The SLI used to measure our SLO is request latency.
Request Latency is measured by the following:
Given an app 'A' deployed on the platform with route 'r', the SLI times how long it takes to make an HTTP Get Request to 'r' for 'A' and receive a response.
CF_APP_DOMAIN is the app domain. This is currently used to map new routes to test control plane uptime.
DATA_PLANE_APP_NAME: Name of the app.
X: DATA_PLANE_SLO_PERCENTAGE Y: DATA_PLANE_SLO_MAX_REQUEST_LATENCY r: DATA_PLANE_SLI_APP_ROUTE_URL
Our SLO is defined as:
95% (X) of routes that get mapped become available in less than 15 (Y) seconds.

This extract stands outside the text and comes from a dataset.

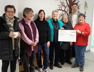 Heike Stängle, Vorsitzende der AWO Geinsheim, übergibt gemeinsam mit weiteren Mitgliedern der AWO einen Scheck in Höhe von 1.500€ für den neuen Kletterturm auf dem Außengelände der Kita.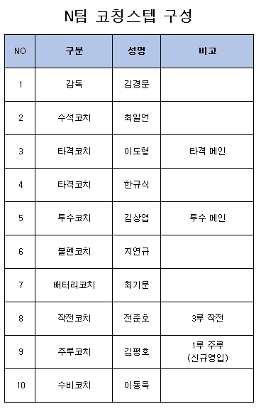또 투수 코치였던 최일언 코치가 수석코치로 임명됐다. 최 수석코치는 선수단과 코칭스태프 전체를 지원할 예정이다. 최일언 코치가 맡았던 기존 역할은 김상엽 코치가 수행한다.

- Every 5 seconds, map a route
- Sleep for propagation time (Y)
- Send requests to route for 30 seconds (U), record their latency and response code
- If greater than 95% (Z) of those requests had a non-200 response code, or exceeded the latency SLO (W), consider that route to be a failure
- If greater than 95% (X) of routes are failures, fail the test
CONTROL_PLANE_SLO_PERCENTAGE (X): Percentage of routes that we expect to get mapped
and become available in less than number of seconds defined by
CONTROL_PLANE_SLO_MAX_ROUTE_PROPAGATION_TIME
. Defaults to 95%.
CONTROL_PLANE_SLO_MAX_ROUTE_PROPAGATION_TIME (Y): Time we wait before seeing if a route is live, defaults to 15 seconds.
CONTROL_PLANE_SLO_DATA_PLANE_AVAILABILITY_PERCENTAGE (Z): Percentage of routes
that succeed in less than the number of seconds defined by
CONTROL_PLANE_SLO_DATA_PLANE_AVAILABILITY_PERCENTAGE
. Defaults to 95%.
CONTROL_PLANE_SLO_DATA_PLANE_MAX_REQUEST_LATENCY (W): Max response time from mapped route, defaults to 200ms.
CONTROL_PLANE_SLO_SAMPLE_CAPTURE_TIME (U): How often we send a request to a route. Defaults to 10 seconds.
CONTROL_PLANE_APP_NAME: Name of the app to map routes to. Defaults to
upgrade-control-plane-sli
.